Now we can pipe that saved data object to ggplot and plotly and create a nice visualization of sector breadth as of January 2, 2020.

  (
    vti_sma50_sma_200_most_recent %>% 
      ggplot(aes(x = sector, y = percent, fill = trend, text = str_glue("{sector}: {percent_label}"))) + 
      geom_col(width = .3, position = position_dodge(width = .5), show.legend = F) +
      scale_y_continuous(labels = scales::percent_format(), 
                         breaks = scales::pretty_breaks(n = 10)) +
      labs(x = "", 
           y = "", 
           title = paste("Percent SMA 50 <span style='color:darkgreen'>above</span> or <span style='color:darkred'>below</span> SMA 200 \n as of", today()),
       caption = "source: tiingo, Vanguard") +
      scale_fill_manual(values = c( "darkgreen", "darkred")) +
      theme_minimal() +
      theme(axis.text.x = element_text(angle = 60, hjust = 1),
            plot.title = element_markdown(hjust = .5),
            plot.subtitle = element_text(hjust = .5)) 
  ) %>% 
  ggplotly(tooltip = "text") 

We have a snapshot as of today, but of course that doesn’t give us any idea of how sector breadth has changed or developed over the last few years. For that, we can turn to an animation via the gganimate() package. Let’s create a data frame that we can pass to the animation code flow. We have daily data but that will make for a quite a few transitions in an animation, one for each day. Let’s trim this data we so have one observation per month.

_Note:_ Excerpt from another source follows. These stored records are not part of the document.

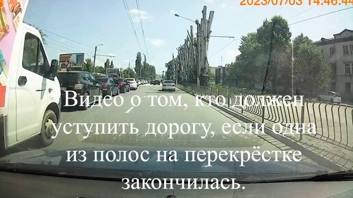 Видео о том, кто должен уступить дорогу, если одна из полос на перекрёстке закончилась. Наглядный пример дорожной ситуации.
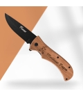 Magnifique couteau à personnaliser parmi nos modèles de la marque Léopard. Couteau au design sobre et classe grâce à sa lame noire et son manche personnalisable en bois ! Un cadeau parfait pour tous les types d'événements, anniversaire, fête des pères, Noël. À offrir aux amoureux de la nature, chasse ou pêche.
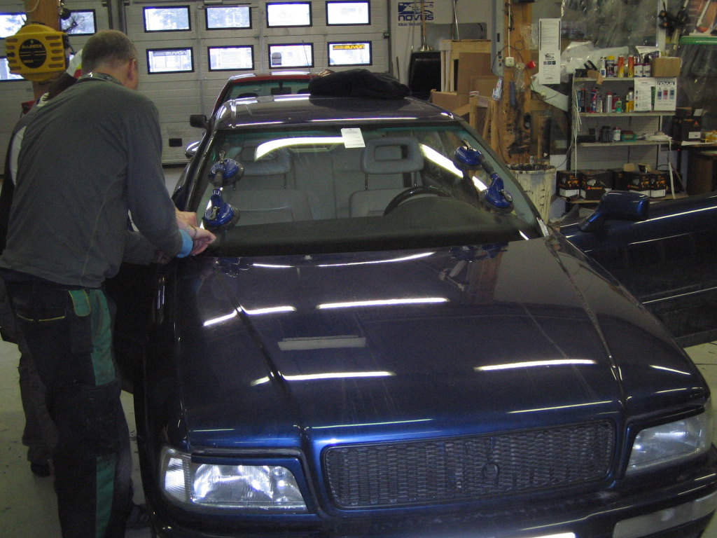Eilen "heitettiin" paikoilleen uusi tuulilasi. Siis niin sen olisi kuulemma pitänyt käydä, ei ollut niin helppoa. Olisko menny kolmisen tuntia ennekuin uusi lasi oli paikoillaan, ja siitä vielä pari tuntia ennen kuin pääsi ajoon.
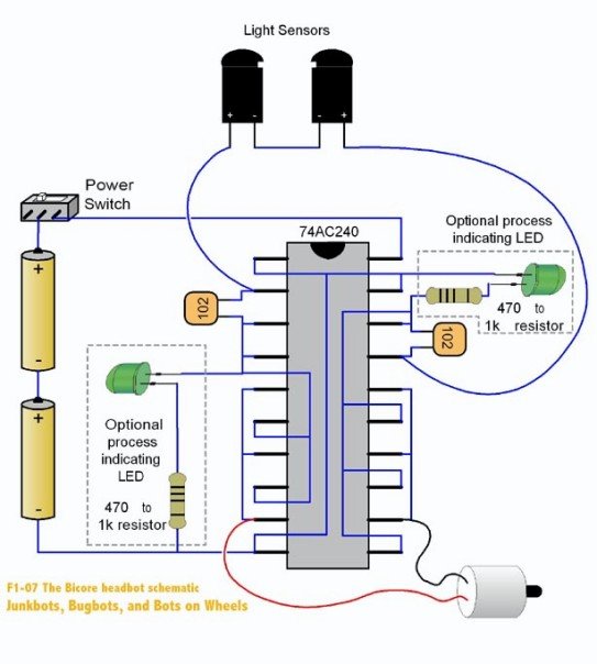 The robot spins, always looking for the brightest source of light in the room. The circuit is really simple: two IR LEDs detect light. As the LEDs detect light, they act as on/off switches, reversing the flow of electricity to the motor.
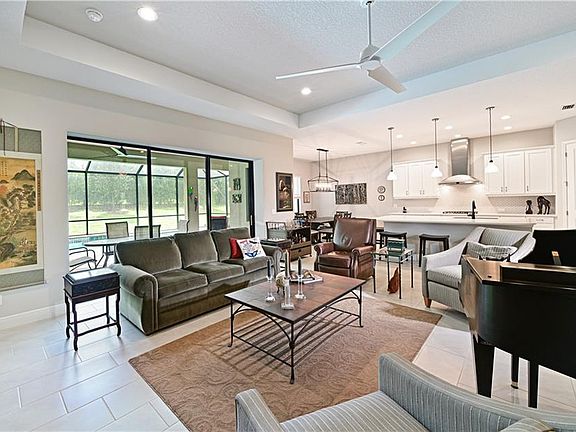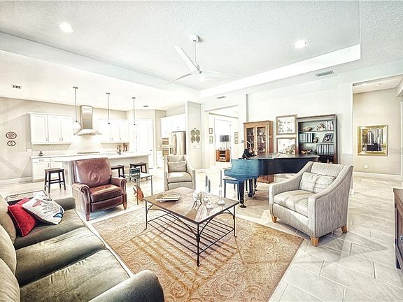 - Interior Features: Ceiling Fans(s), Eating Space In Kitchen, High Ceiling(s), Master Bedroom Downstairs, Open Floorplan, Stone Counters, Walk-In Closet(s), Kitchen/Family Room Combo, Window Treatments, Coffered Ceiling(s)
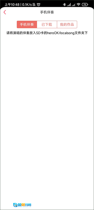 3、此时我们尚未将伴奏上传至软件中,进入手机伴奏界面后,能看到提示,要求我们把文件放入指定文件夹,这时前往手机的文件管理进行移动操作即可。
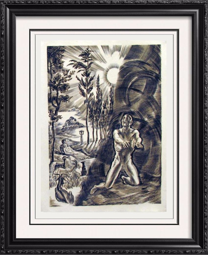 Albert Decaris | Title of Art: c. 1939 From the Samson Agonistes Suite | Medium: Engraving on Paper | Edition #: 5/55 | Unframed Size: 15 x 11 inches | Offered Unframed | Value: $ 950 | Art For Sale presents limited edition engravings by Albert Decaris from Samson Agonistes by poet John Milton. Drawing on the story of Samson from the Old Testament, Judges 13–16, each engraving is a dramatization of the story starting at Judges 16:23. The drama starts as Samson has been captured by the Philistines, had his hair, the container of his strength, cut off and his eyes cut out. Samson is "Blind among enemies, O worse than chains" (line 66).Samson undergoes despair when he loses God’s favor in the form of his strength. Milton’s dramatic poem, however, begins the story of Samson after his downfall—after he has yielded his God-entrusted secret to Dalila (Delilah), suffered blindness, and become a captive of the Philistines. Tormented by anguish over his captivity, Samson is depressed by the realization that he, the prospective liberator of the Israelites, is now a prisoner, blind and powerless in the hands of his enemies. The focus of Milton’s dramatic poem is ultimately on Samson’s regenerative process, an inner struggle beset by torment, by the anxiety that God has rejected him, and by his failure as the would-be liberator of his people. Samson’s discourse manifests an upward trajectory, through atonement and toward regeneration, which culminates in the climactic action at the temple of Dagon where Samson, again chosen by God, vindicates himself. In his searching for a way to return to being true to God and to serve his will, Samson is restored and again is in God’s grace and able to serve God. | Albert Decaris (1901-1988): One of France’s foremost engravers of the twentieth century, Albert Decaris is born in Normandy in Sotteville-les-Rouen in 1901. He began his formal art studies at the age of fourteen at the Ecole Estienne. Four years later he was accepted into the Ecole des Beaux-Arts (School of Fine Arts), Paris, and studied in the studios of Carmon and Laguillermie. Within six months Decaris had won the Premier Grand Prix de Rome of engraving (1919) and became the youngest student ever to win this prestigious honor for his work ‘Eve before the sin’. Decaris thus journeyed to Rome where he worked and lived at the Villa Medici. Unfortunately he contacted malaria on a journey to Paestum and was critically ill for a period of one year. Upon his recovery Albert Decaris was ‘rewarded’ with a two year mandatory service in the French military. After this he concluded his fellowship in Rome and then returned to Paris. He first worked upon a series of engravings of Belgian subjects which he submitted to the Paris Salon. These works received the Salon’s Medaille d’Argent (Silver Medal). It was the first time in the Salon’s long history that an artist had received this major medal with his premiere presentation. During the following years Albert Decaris created a major oeuvre of original engravings and etchings, both as individual plates and as illustrations for livres d’artistes. In the first category, he began with big engravings inspired by his classic souvenirs, mythological scenes like Leda and the Swan, The Rape of Europe, Pasiphae, etc. In the latter category he illustrated such magnificent books as Shakespeare’s, Macbeth (1930), Cathlin’s, Le Sommeil d’Endymion (1934), Milton’s, Samson Agonistes (1939), Chenier’s, Eglogues (1945), Henriot’s, Mythologie des Anciens Grecs et Romains (1955), Corneille’s Theater (1955-1961), Emile Henriot, Les Trophees (1967) and Eschyle, Tragedies, under the direction of Mario Vincent (1975-1977). One of Decaris’s greatest illustrated books is Pierre de Ronsard’s, Discours des Miseres de ce Temps, which was published in Paris in 1930. Consisting of three large volumes, Decaris created forty-five engravings which were published in an edition of 359. As well, Decaris selected some of the plates to be printed separately in a limited edition of one hundred signed impressions. Such is the case with Ronsard, which probably served as the frontis-piece to the above named volume. He illustrated around 200 books, especially Ronsard, Shakespeare, La Rochefoucauld, Chateaubriand, Vigny, Montherlant, Claudel, Giono... He collaborated to the Art-Deco International Exhibition of 1937 in Paris where he realized 300 square meters of paintings and to the International Exhibition of New York in 1938 for which he did a huge painting ‘The Plague’. He did huge frescoes for the monumental stairs of the City Hall of Vesoul and for other monuments, churches and chapels. Between 1935 and 1985 Albert Decaris created more than six hundred stamps for France (174) and its territories, Monaco, Andorra, Tunisia, etc. Held in equally high esteem for his architectural, historical, landscape, portrait and figurative engravings, he became a full member of the Academie des Beaux-arts in 1943 and was nominated its President in 1960 an re-elected four times. In 1962 Decaris was named the official painter of the Marine Francaise (Navy). His style, ample, classic and marked with archaism of his engraving work can be also find in the severe disposition of his drawings and paintings.
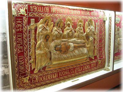 ![]() 博物館にあったタペストリー。横たわるキリストが見える。赤くてピカピカしていて、これまた派手! |
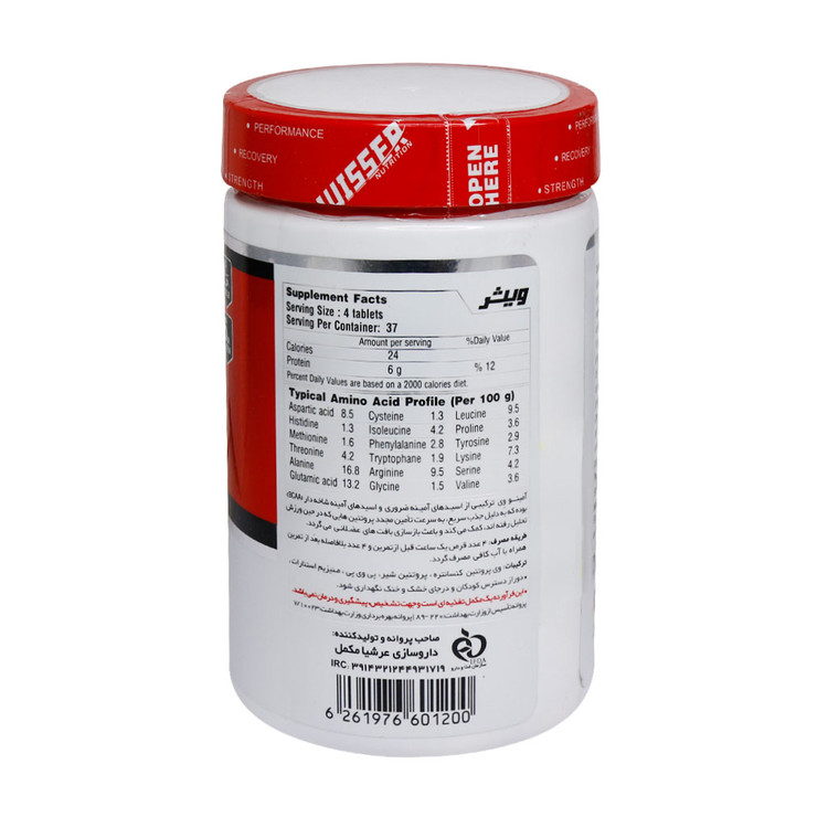 مکمل آمینو وی ویثر یک مکمل آمینو اسیدی است. در هر 4 قرص این مکمل حاوی 6 گرم اسید آمینه با منبع پروتئین وی کنسانتره و پروتئین شیر است.
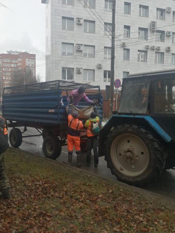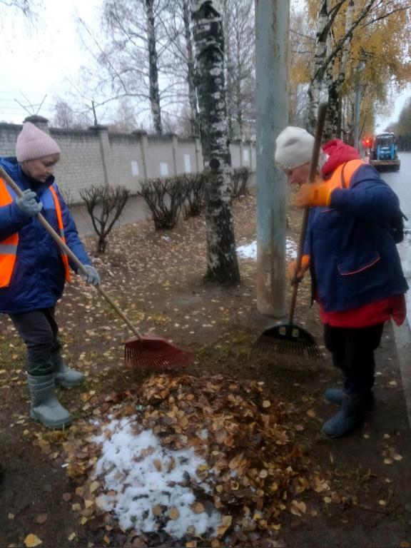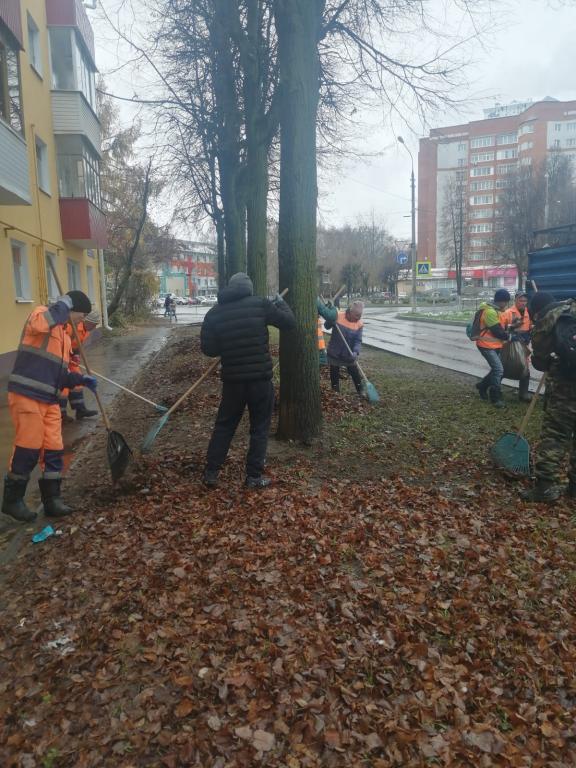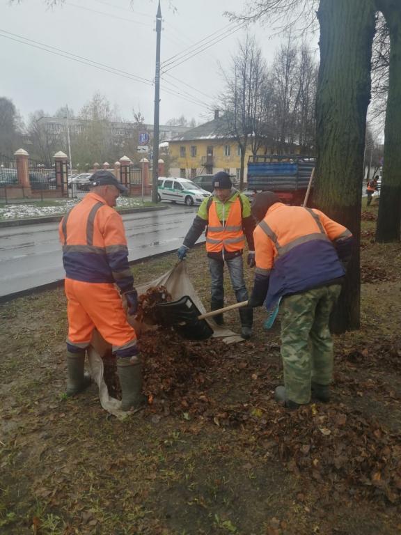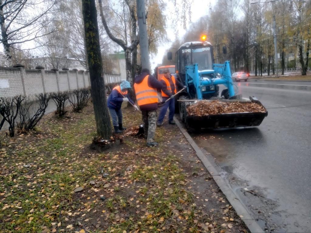 Сегодня на ул. Машиностроителей и ул.Я. Эшпая убирают опавшие листья с придорожных газонов.
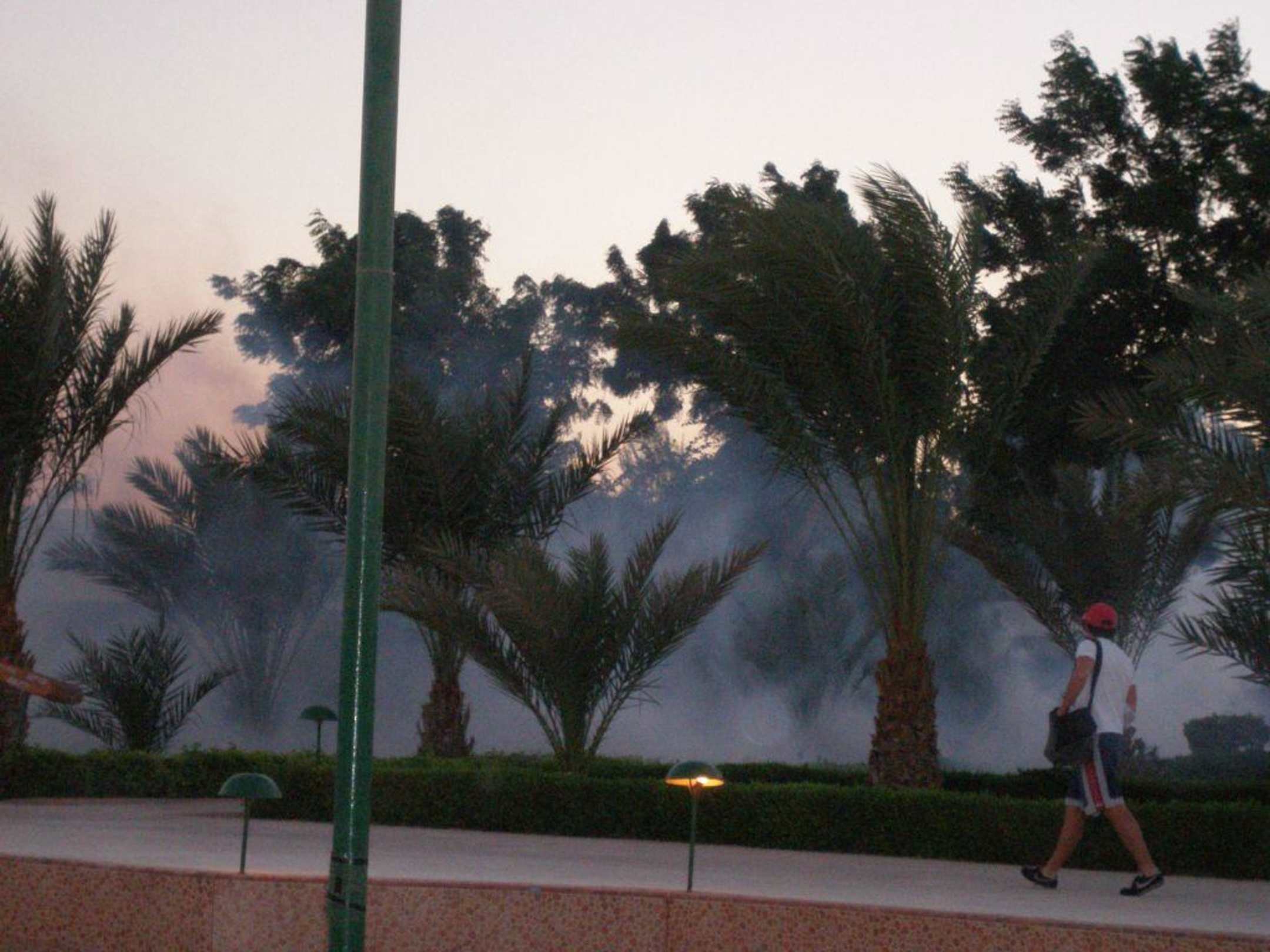 allabendliche NebelaktionJeden Abend pünktlich halb 6 lief ein Gärtner mit einer Nebelmaschine durch die kleinen Bungalows. Und pünktlich zu dieser Zeit versammelten sich alle Strandgäste am Wasser um dem Gestank zu entgehen. Der Nebel sollte die zahlreichen Mücken bekämpfen, aber wir wurden trotzdem massenhaft gestochen. Der Nebel und der Gestank verschwanden dann auch wieder so schnell wie sie gekommen waren.

vti_sma50_sma_200_for_gif <- 
vti_prices_1_1500 %>% 
  select(ticker, date, close) %>% 
  left_join(exchange_tickers_sectors %>% select(ticker,  sector)) %>%  
  group_by(ticker) %>% 
  mutate(sma_50 = roll_mean(as.matrix(close), 50, complete_obs = T),
         sma_200 = roll_mean(as.matrix(close), 200, complete_obs = T),
         sma_50_greater_than_sma_200 = case_when(sma_50 > sma_200 ~ 1, 
                                                 TRUE ~ 0),
         current_greater_than_sma_50 = case_when(close > sma_50 ~ 1, 
                                                 TRUE ~ 0)) %>%
  na.omit() %>% 
  filter(date > "2017-10-16") %>% 
  group_by(sector, date) %>% 
  count(sma_50_greater_than_sma_200) %>% 
  mutate(percent = n/sum(n), 
         trend = case_when(sma_50_greater_than_sma_200 == 1 ~ "sma50 above sma200", 
                           TRUE ~ "sma50 below sma200")) %>% 
  group_by(trend) %>% 
  filter(!(str_detect(sector, 'cash|Cash'))) %>% 
  mutate(sector = str_wrap(sector, width = 13)) %>%
  group_by(strftime(date, "%Y-%m")) %>% #Groups by the yearmonths
  filter(date == max(date)) %>% 
  ungroup()

Now we pass that data frame to the same ggplot() code as we did for the snapshot, except we use the transition_states() function to tell the plot to loop through different dates.

library(gganimate)
library(gifski)
library(png)

p <- 
  vti_sma50_sma_200_for_gif %>%  
  ggplot(aes(x = sector, y = percent, fill = trend)) + 
  geom_col(width = .3, position = position_dodge(width = .5), show.legend = F) +
  scale_y_continuous(labels = scales::percent_format(), breaks = scales::pretty_breaks(n = 10)) +
  scale_fill_manual(values = c( "darkgreen", "darkred")) +
  theme_minimal() +
  labs(title = "Percent SMA 50 <span style='color:darkgreen'>above</span> or <span style='color:darkred'>below</span> SMA 200", subtitle = " {closest_state}", y= "", x = "", caption = "source: tiingo, Vanguard") +
  theme(axis.text.x = element_text(angle = 60, hjust = 1),
        plot.title = element_markdown(hjust = .5),
        plot.subtitle = element_text(hjust = .5)) +
  # this creates the loop through the dates, it's the workhorse
  transition_states(date,
                    transition_length = 5,
                    state_length = 5) +
  # some aesthetic bells and whistles to make stuff prettier
  ease_aes('cubic-in-out')  +
  enter_fade() +
  exit_shrink()

animate(p, fps = 5, renderer = gifski_renderer(loop = TRUE))
The results are hypothetical results and are NOT an indicator of future results and do NOT represent returns that any investor actually attained. Indexes are unmanaged and do not reflect management or trading fees, and one cannot invest directly in an index.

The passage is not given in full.